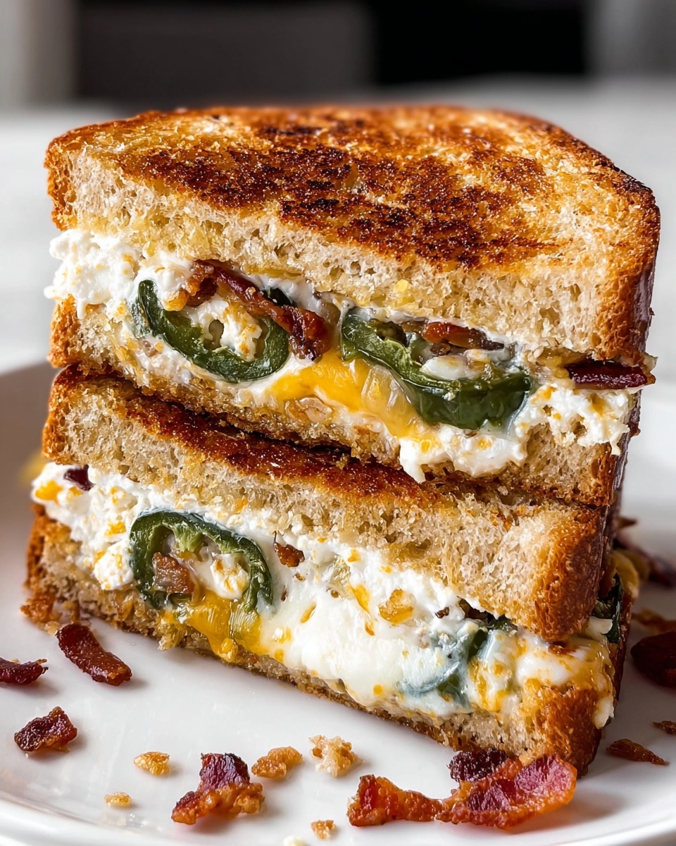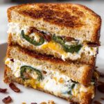 A spicy and creamy twist on the classic grilled cheese, this Jalapeño Popper Grilled Cheese sandwich features roasted jalapeños blended into a zesty cream cheese spread, layered with crispy bacon and a blend of cheddar and Monterey Jack cheeses, all grilled to golden perfection. Perfect for a flavorful lunch or snack that combines creamy, spicy, and smoky elements.
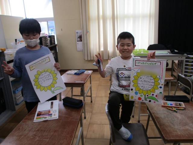 ひまわり学級なのでひまわりの絵の中に自分の思いや願いを書きました。
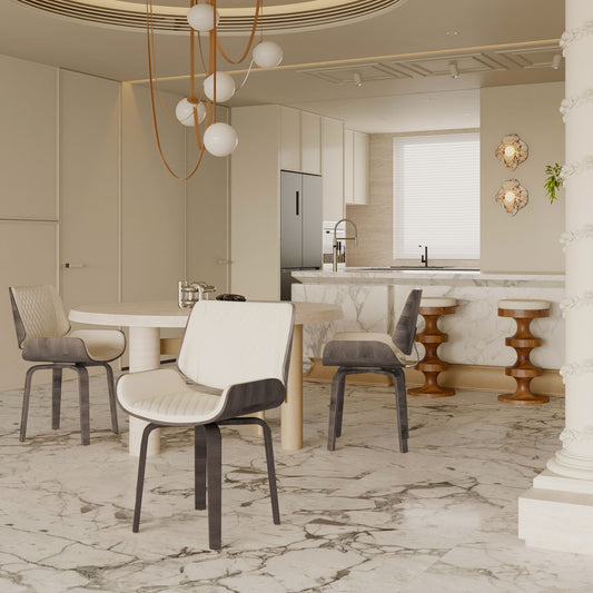 Mid Century Modern Dining Chair 360° Swivel, Ergonomic Design Upholstery, Bentwood Frame, (Set of 2) - Beige
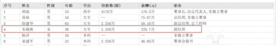 据东方财富网显示,在公司高管中,朱晓秋是唯一一位女高管,并且是年龄最小的。但她的薪酬却不低,她以228.7万的年薪位列第一,其次是董事长胡震,他的年薪是170.3万。
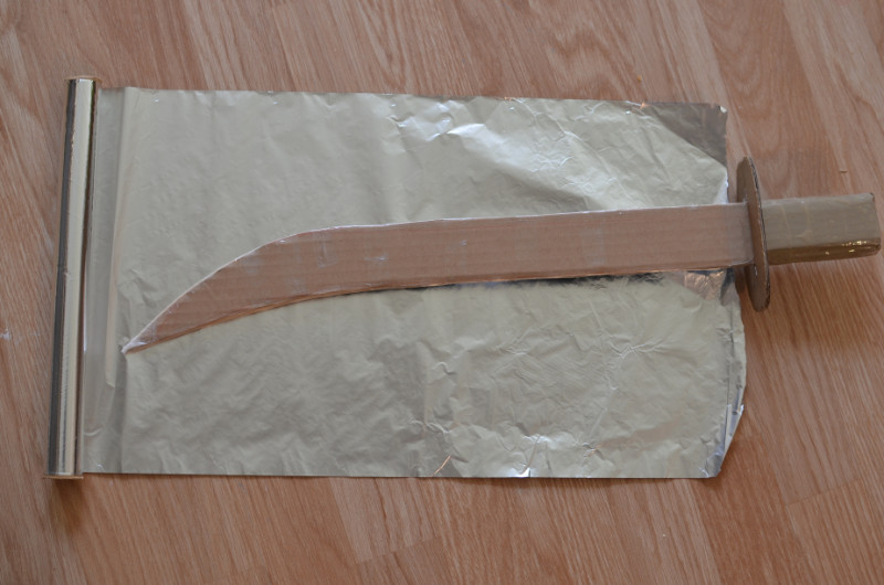 | Teraz nasleduje finálna fáza - prilepenie alobalu na čepeľ. Chce to trocha trpezlivosti a snahy, ale vďaka alobalu bude meč takmer reálne. |
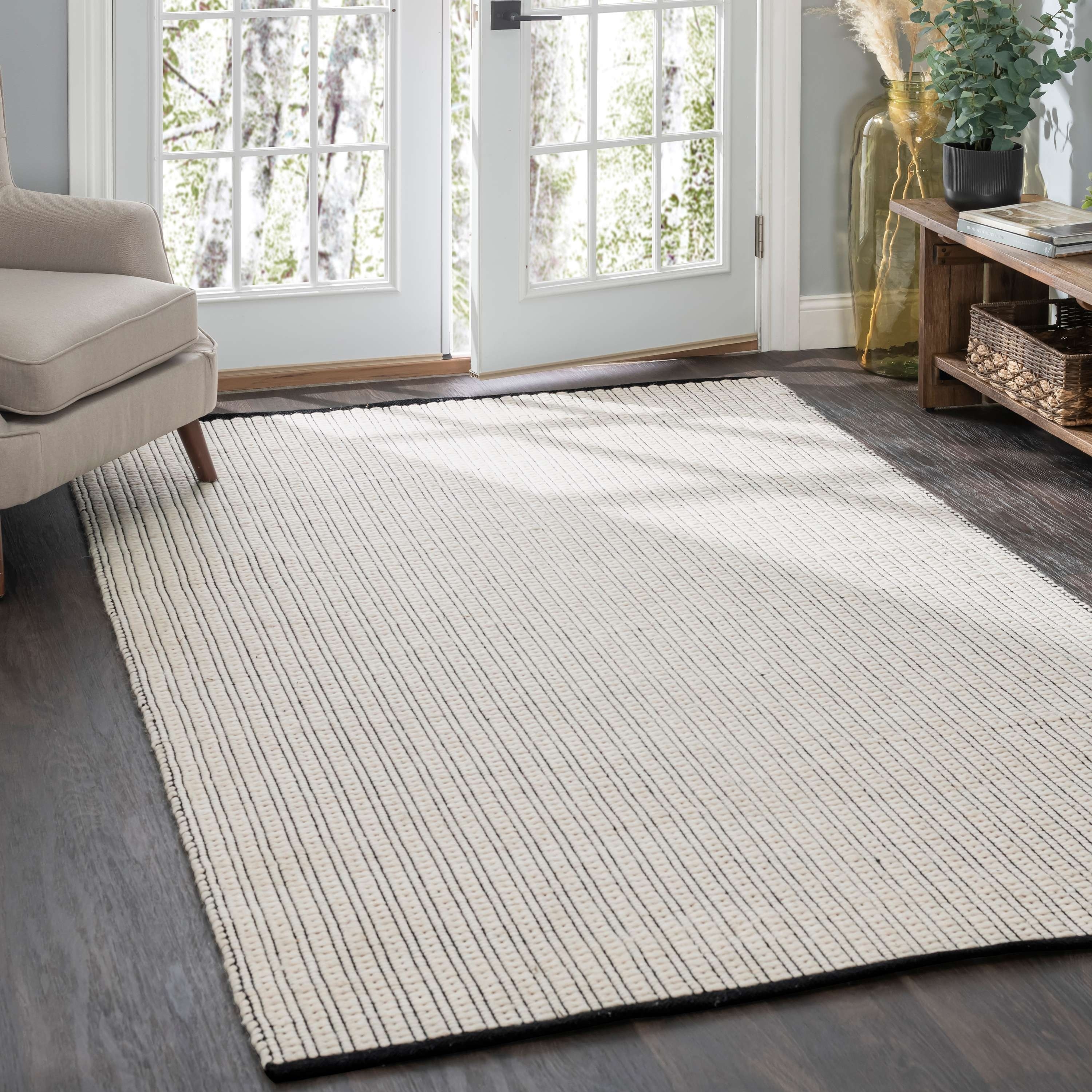 Fadden Minimalist Natural Wool Rug, Warm Taupe/Black, Area Rug
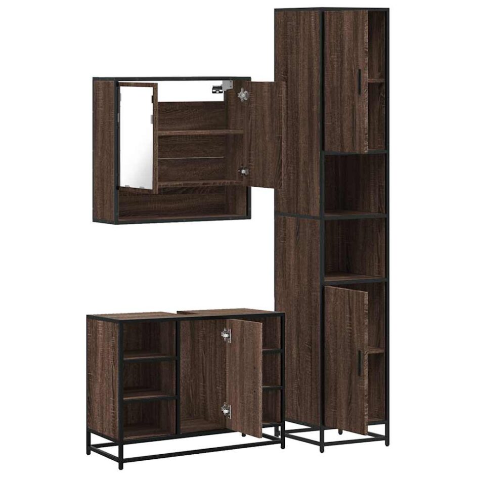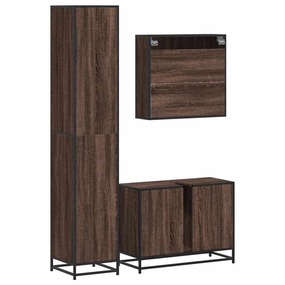 Set mobilier de baie, 3 piese, stejar maro, lemn prelucrat
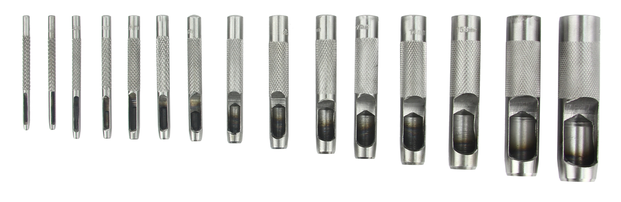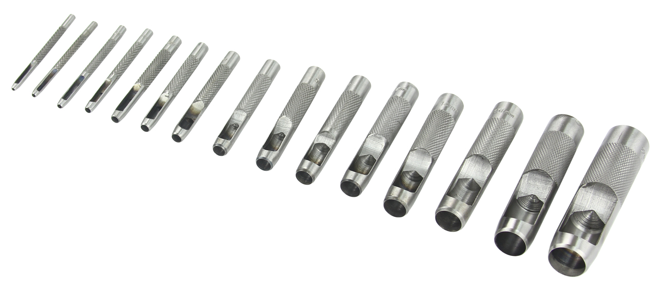 Umożliwiają wykonywanie otworów poprzez uderzenie w główkę przebijaka młotkiem. Posiadają otwory do usuwania wyciętego materiał. Pakowane w etui. Idealnie nadają się do wykonywania otworów w takich materiałach jak: skóra, miękkie tworzywa sztuczne, guma, balsa, pianki, tektura, tekstylia itp. Zestaw zawiera wycinaki o następujących średnicach:
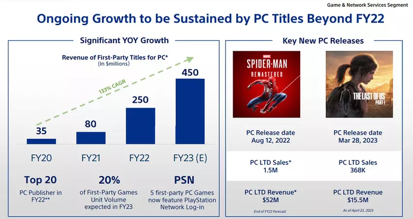 Dla przykładu, pecetowa wersja Marvel's Spider-Man (2018) sprzedała się w liczbie 1,5 miliona sztuk i przyniosła 52 miliony dolarów (stan na 31 marca). Wersja PC gry The Last of Us Part I sprzedała się w 368 000 egzemplarzy, zarabiając 15,5 miliona dolarów (stan na 23 kwietnia).
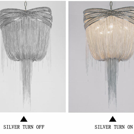 *Silver: Diameter:16″(40cm)*Height:27.6″(70cm);4-Lights;Chain Length: Adjustable, Max 49″(100cm);
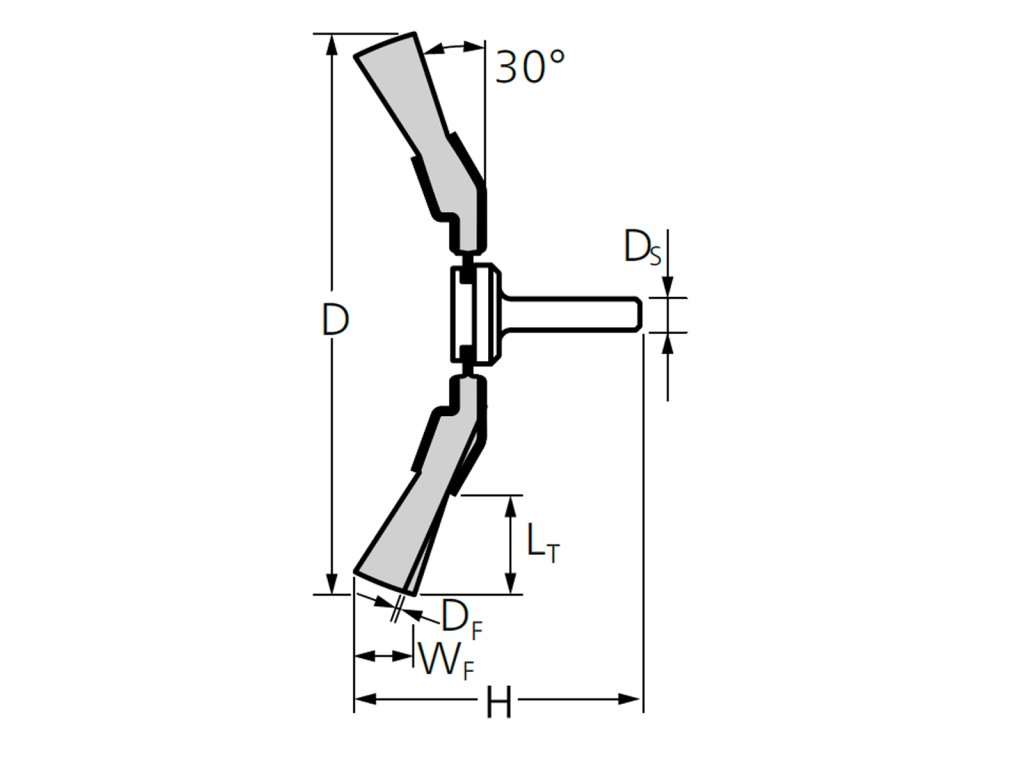 - Pri upínaní kefy dbajte na to, aby bola stopka čo najhlbšie upnutá v klieštine. Toto je obzvlášť dôležité pri použití pri vysokých otáčkach. Minimálna upínacia dĺžka je 10 mm.
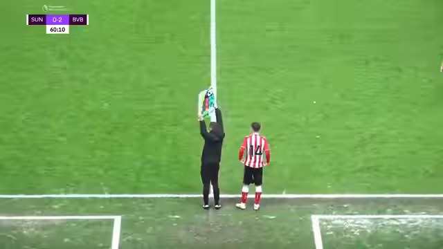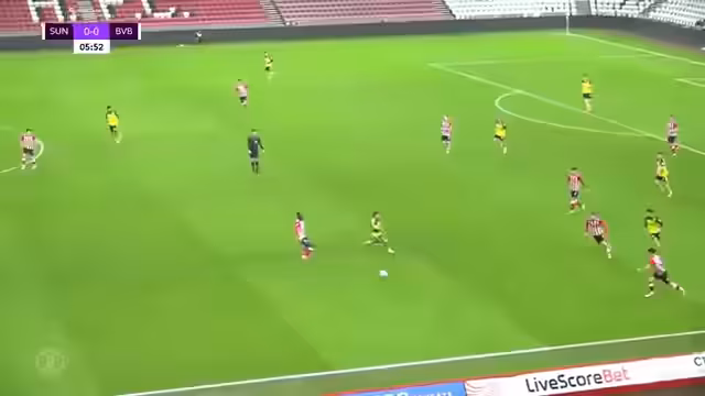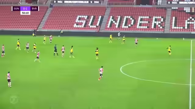 00:02:28In der Anfangsphase dominiert Sunderland das Spiel und kommt zu mehreren guten Torgelegenheiten, insbesondere durch Standardsituationen und gefährliche Eckbälle. Die Gastgeber pressen den BVB in dessen Hälfte. Der BVB wirkt in dieser Phase zurückhaltend und hat kaum Vorstöße in die gegnerische Hälfte zu verzeichnen. Die Führung für den BVB fällt in der 23. Minute durch einen Elfmeter. Taizhan Ichibasi wird im Strafraum regelwidrig gestoppt und kühl verwandelt. Der BVB geht somit mit 1:0 in Führung ins Viertelfinale.
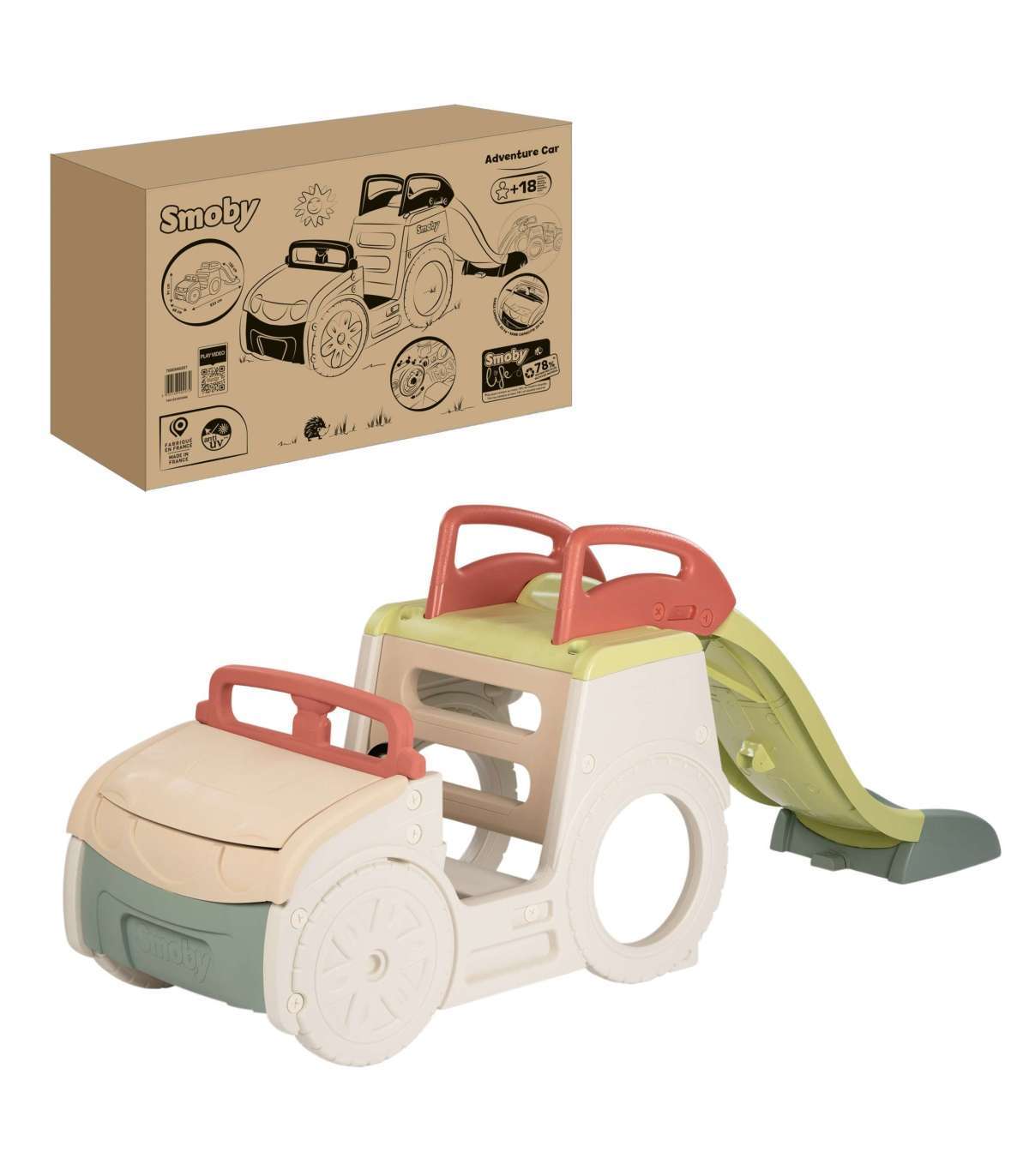 Smoby seiklusauto 3-ühes on eriline õuemänguasi, mis ühendab aktiivse mängu, loovuse ja füüsilise arengu. Tänu vastupidavast materjalist ja ANTI-UV kattele rõõmustab mänguasi lapsi kaua. Ideaalne aeda, pakkudes meelelahutust kogu päevaks. Seiklusauto on ideaalne õue mänguruum kõige väiksematele! See eriline mänguväljak, inspireeritud maasturist, viib lapsed põnevate rännakute ja seiklusteni.
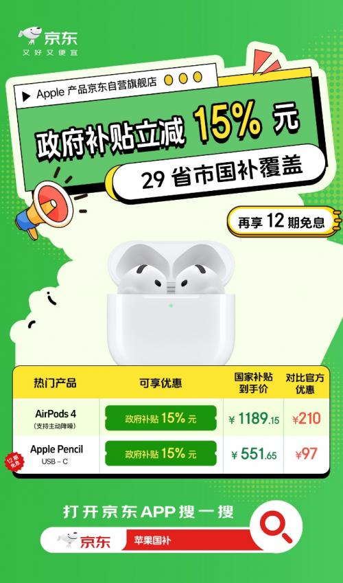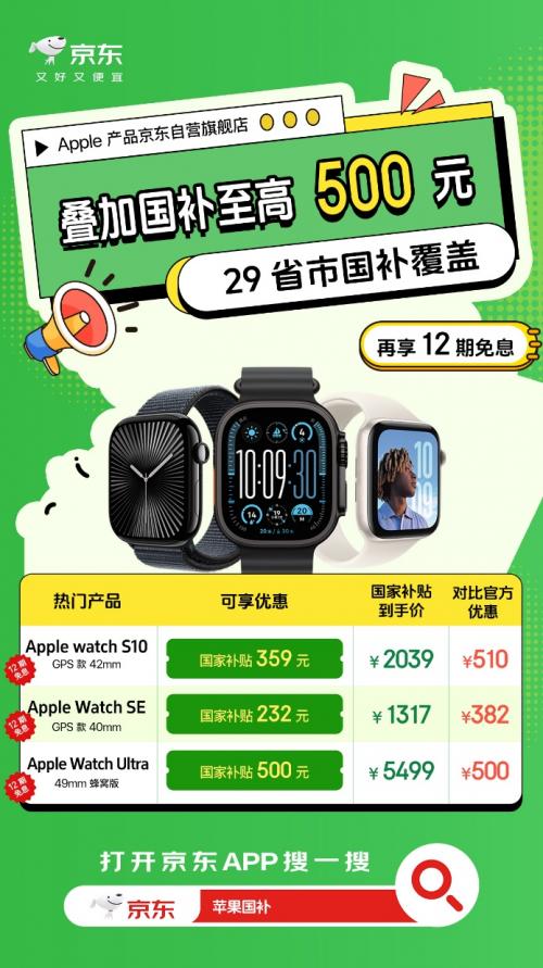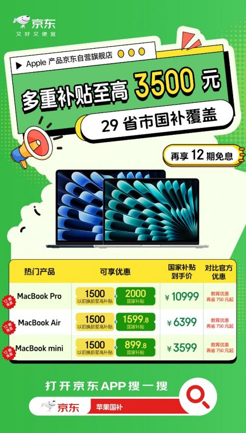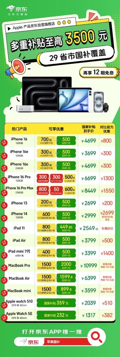 五一小长假到了,低价买Apple产品的热情也达到了前所未有的高度。近日Apple产品京东自营旗舰店宣布五一正常发货,而且还带来了12期免息、教育优惠、立减支付等多重福利。更重要的是,京东买Apple产品还支持国家补贴,单品至高补贴2000元、叠加以旧换新最高可补3500元,远低于其他电商平台的补贴价,补贴范围更覆盖了29个省市,消费者可以放心入手无惧比价。如果你也想低价入手iPhone、iPad、MacBook、Apple Watch、AirPods等Apple产品,只需打开京东搜索“苹果国补”即可一键直达。

━━━━━━━━━━━━━━━━━━━━━━━━━━━━━━

Exercise |
Take the entries above and copy exactly the lines starting at the one with "Mid Century Modern" and ending at the one with "00:02:28In der Anfangsphase"; nothing outside that span, and no pictures.

Written response |
 Mid Century Modern Dining Chair 360° Swivel, Ergonomic Design Upholstery, Bentwood Frame, (Set of 2) - Beige
 据东方财富网显示,在公司高管中,朱晓秋是唯一一位女高管,并且是年龄最小的。但她的薪酬却不低,她以228.7万的年薪位列第一,其次是董事长胡震,他的年薪是170.3万。
 | Teraz nasleduje finálna fáza - prilepenie alobalu na čepeľ. Chce to trocha trpezlivosti a snahy, ale vďaka alobalu bude meč takmer reálne. |
 Fadden Minimalist Natural Wool Rug, Warm Taupe/Black, Area Rug
 Set mobilier de baie, 3 piese, stejar maro, lemn prelucrat
 Umożliwiają wykonywanie otworów poprzez uderzenie w główkę przebijaka młotkiem. Posiadają otwory do usuwania wyciętego materiał. Pakowane w etui. Idealnie nadają się do wykonywania otworów w takich materiałach jak: skóra, miękkie tworzywa sztuczne, guma, balsa, pianki, tektura, tekstylia itp. Zestaw zawiera wycinaki o następujących średnicach:
 Dla przykładu, pecetowa wersja Marvel's Spider-Man (2018) sprzedała się w liczbie 1,5 miliona sztuk i przyniosła 52 miliony dolarów (stan na 31 marca). Wersja PC gry The Last of Us Part I sprzedała się w 368 000 egzemplarzy, zarabiając 15,5 miliona dolarów (stan na 23 kwietnia).
 *Silver: Diameter:16″(40cm)*Height:27.6″(70cm);4-Lights;Chain Length: Adjustable, Max 49″(100cm);
 - Pri upínaní kefy dbajte na to, aby bola stopka čo najhlbšie upnutá v klieštine. Toto je obzvlášť dôležité pri použití pri vysokých otáčkach. Minimálna upínacia dĺžka je 10 mm.
 00:02:28In der Anfangsphase dominiert Sunderland das Spiel und kommt zu mehreren guten Torgelegenheiten, insbesondere durch Standardsituationen und gefährliche Eckbälle. Die Gastgeber pressen den BVB in dessen Hälfte. Der BVB wirkt in dieser Phase zurückhaltend und hat kaum Vorstöße in die gegnerische Hälfte zu verzeichnen. Die Führung für den BVB fällt in der 23. Minute durch einen Elfmeter. Taizhan Ichibasi wird im Strafraum regelwidrig gestoppt und kühl verwandelt. Der BVB geht somit mit 1:0 in Führung ins Viertelfinale.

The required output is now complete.